* **GOAL OF THE EXERCISE**
Starting at the top of the records below and ending with the line that contains "しろ池の美しい水面と新緑 新潟県糸魚川市", print each line exactly as written, skipping the pictures.

* **Records drawn from a dataset**
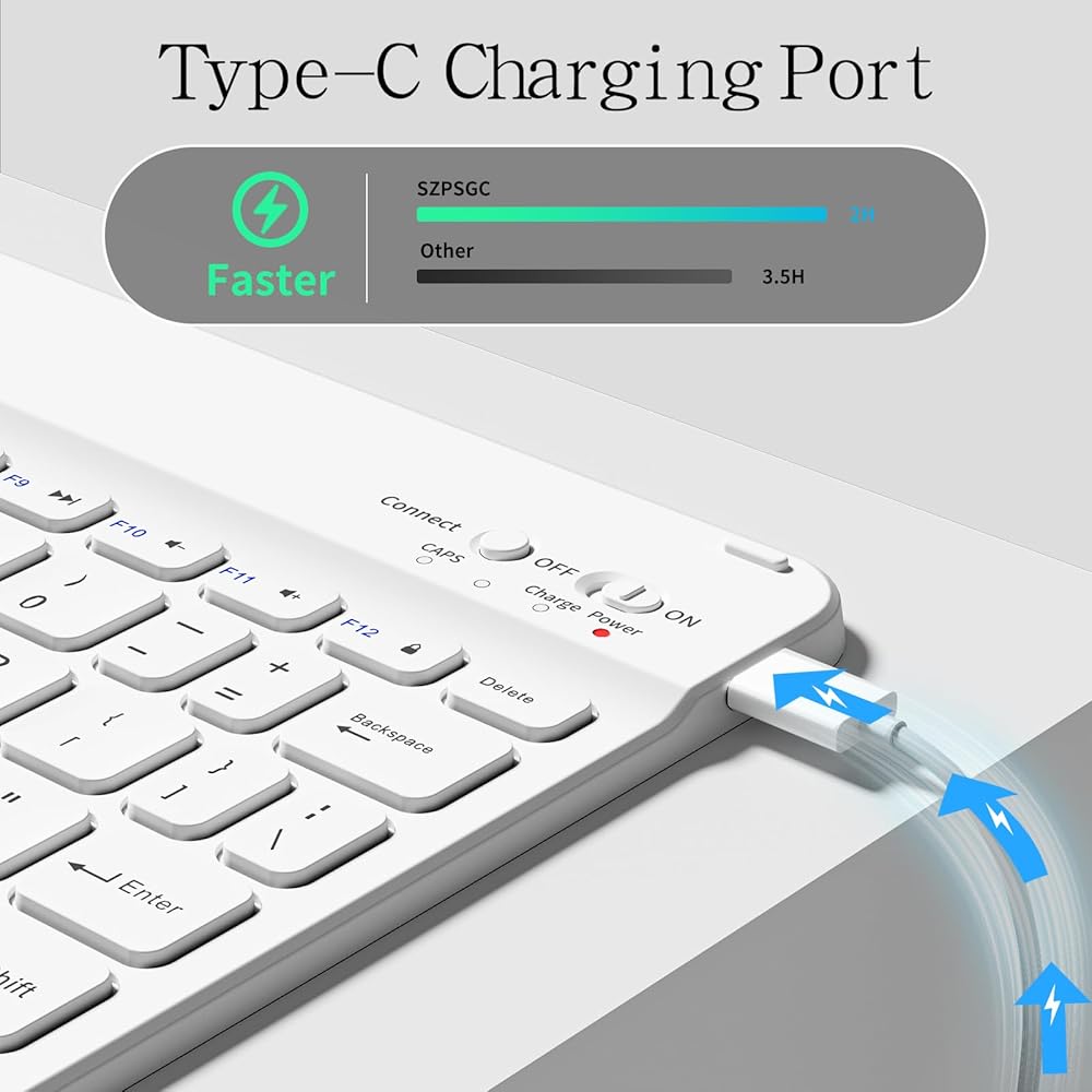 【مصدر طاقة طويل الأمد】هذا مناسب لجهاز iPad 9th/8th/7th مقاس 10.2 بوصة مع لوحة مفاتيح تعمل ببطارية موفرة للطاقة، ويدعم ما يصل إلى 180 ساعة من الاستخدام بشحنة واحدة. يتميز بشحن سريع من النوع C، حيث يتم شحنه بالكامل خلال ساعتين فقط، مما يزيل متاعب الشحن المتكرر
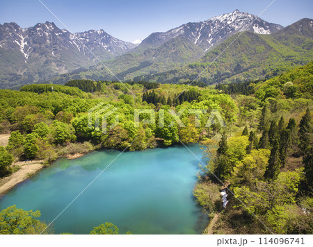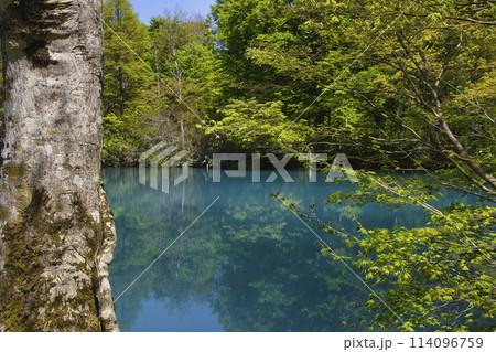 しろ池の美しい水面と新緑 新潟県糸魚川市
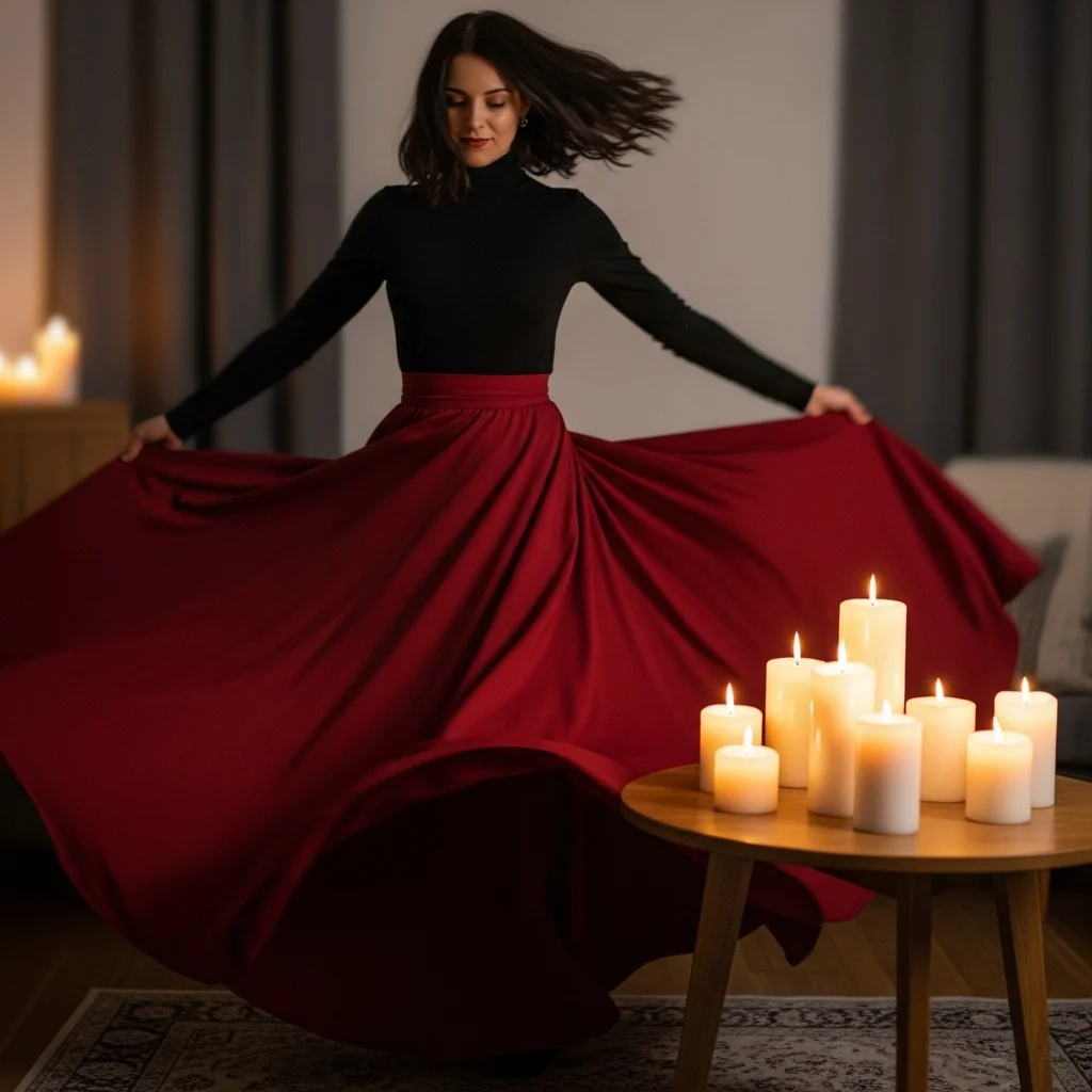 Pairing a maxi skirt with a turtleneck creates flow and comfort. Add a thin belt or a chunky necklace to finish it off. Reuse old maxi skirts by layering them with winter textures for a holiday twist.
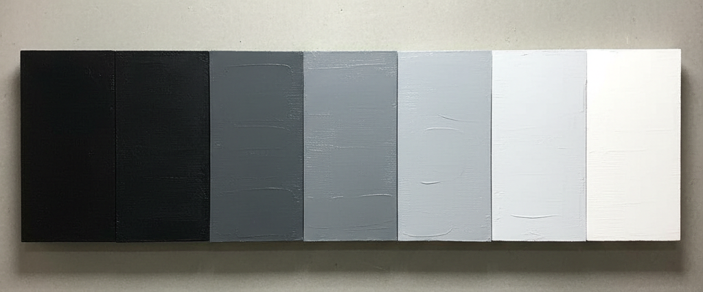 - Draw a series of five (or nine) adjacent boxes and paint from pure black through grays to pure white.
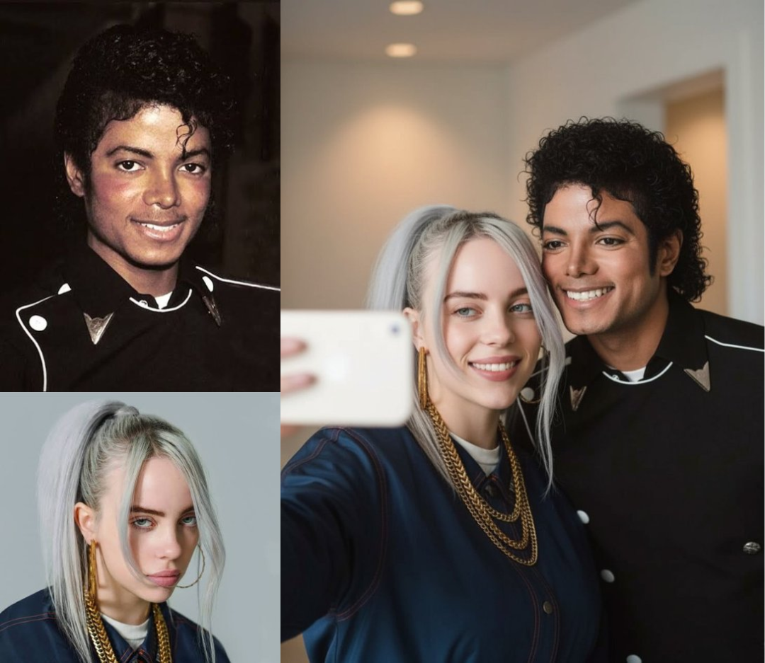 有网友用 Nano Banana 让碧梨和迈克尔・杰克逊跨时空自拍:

* **WRITTEN ANSWER**
 【مصدر طاقة طويل الأمد】هذا مناسب لجهاز iPad 9th/8th/7th مقاس 10.2 بوصة مع لوحة مفاتيح تعمل ببطارية موفرة للطاقة، ويدعم ما يصل إلى 180 ساعة من الاستخدام بشحنة واحدة. يتميز بشحن سريع من النوع C، حيث يتم شحنه بالكامل خلال ساعتين فقط، مما يزيل متاعب الشحن المتكرر
 しろ池の美しい水面と新緑 新潟県糸魚川市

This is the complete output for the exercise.